▸ GOAL OF THE EXERCISE
Retype only the lines running from the beginning of the entries below to the line with "한국과 러시아의 2014", both included. Do not include pictures.

▸ Items from a data source
^^^^^^^^^^^^^^^^
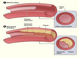 Due to narrowing of the lumen of arteries Atherosclerosis takes place. Atherosclerosis is the condition in which build-up of cholesterol, fats takes place in the wall of the artery. This causes decreased size of the lumen hence decreased flow of blood towards the heart.
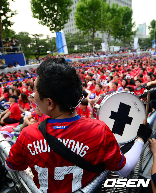 한국과 러시아의 2014 FIFA 월드컵 첫 경기가 펼쳐진 18일 오전 서울 삼성동 코엑스 사거리 영동대로에서 진행된 길거리 응원전, 시민들이 붉은 악마의 지휘에 맞춰 열심히 응원하고 있다.
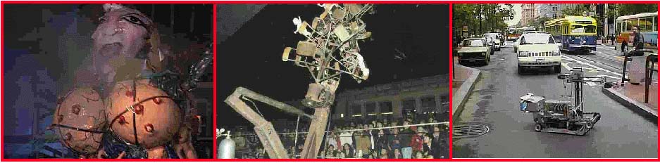 SRL staged the “What is Real” show in connection with the Web 98 conference in San Francisco on June 25 th 1998 for an audience of 3000. The location was the lot under Highway 101 between Perry and Stillman Streets. (SRL staged another event at the same location in 1989, “Illusions of Shameless Abundance”). This was the stinkiest event SRL ever produced and that’s saying something. Thanks to the tireless efforts of Scott Ficus and Kimric, members of the audience and some of the SRL crew lost their digestive composure, adding to the extensive cleanup after the show. Lots of really weird props: glass office cages populated by animatronic figures, 8ft tall animated mud wrestling men, tormented white collar workers being blown to bits by the Big Shockwave Cannon, Steve Hecks 40 ft. tall tumbling water filed towers, a 12 ft. long rotating baby chair screw device, etc. All of which was summarily destroyed by the Hand-o-God, the Subjugator, the Air Launcher, the Inchworm, and the Triangle Machine. All of which was accompanied by the beat of relentless blasts from the Shockwave Cannon and genuine GX soundtrack. A fun little event in hometown SF. In the days leading up to the main event SRL staged three internet based machine control events. In the first, the Keynote presentation took place in Moscone center with presentations by Natalie Jeremejenko, Eduardo Kac, Eric Paulos, and Mark Pauline. To illustrate the operation of lethal machinery over the internet, the Air Launcher (located at the SRL yard), was aimed through an on screen control panel and fired incendiary projectiles at an assortment of props in the SRL yard from Moscone center during the presentation . In the second event, a jet engine powered flame-thrower mounted on the SRL flatbed pulled up to a location in the South of Market area and was connected to a wireless I0 megabit network. It was then operated remotely from Moscone center and incinerated a flailing multiarmed robot for an audience on several hundred puzzled bystanders, including one extremely irate local businessman who kept attempting ( unsuccessfully) to grab the laptops being used to operate the devices for the event. The third event took place on Market street and involved the Track Robot a one armed tracked robot similar to police bomb removal robots. It was operated teleroboticallyi by several random persons who stopped by the SRL booth at Moscone center. Generally, it was used to harass passerby and stop traffic on Market street for two hours.
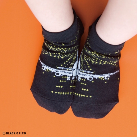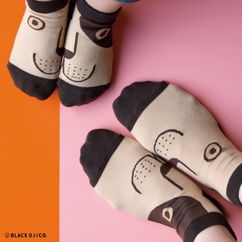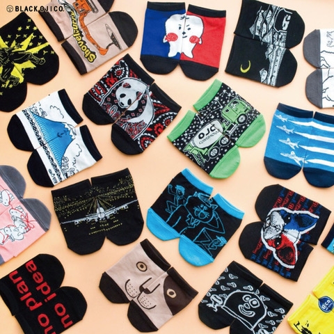 「OJICO」のセカンドラインである「BLACK OJICO」で展開中の「くっつくした」は、両足を揃えることで絵柄がつながるのが特徴。厚手でしっかりした生地は、はき心地も抜群な上に通常のくつ下に比べて伸縮率が非常に大きく、幅広いサイズをカバーできる設計になっている。
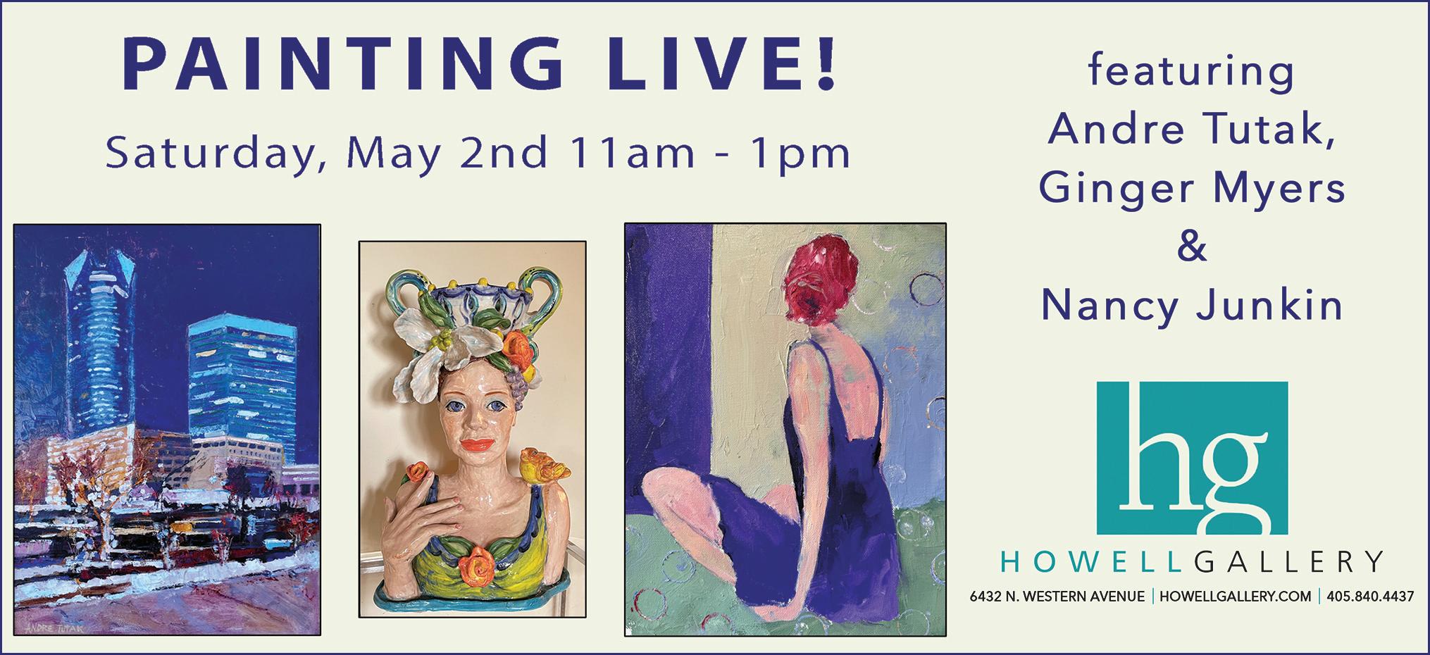Three of our Oklahoma City artists — Andre Tutak, Ginger Myers and Nancy Junkin — will be creating live. This is your chance to watch their visions come to life.
^^^^^^^^^^^^^^^^
▸ ANSWER TO THE PROBLEM
 Due to narrowing of the lumen of arteries Atherosclerosis takes place. Atherosclerosis is the condition in which build-up of cholesterol, fats takes place in the wall of the artery. This causes decreased size of the lumen hence decreased flow of blood towards the heart.
 한국과 러시아의 2014 FIFA 월드컵 첫 경기가 펼쳐진 18일 오전 서울 삼성동 코엑스 사거리 영동대로에서 진행된 길거리 응원전, 시민들이 붉은 악마의 지휘에 맞춰 열심히 응원하고 있다.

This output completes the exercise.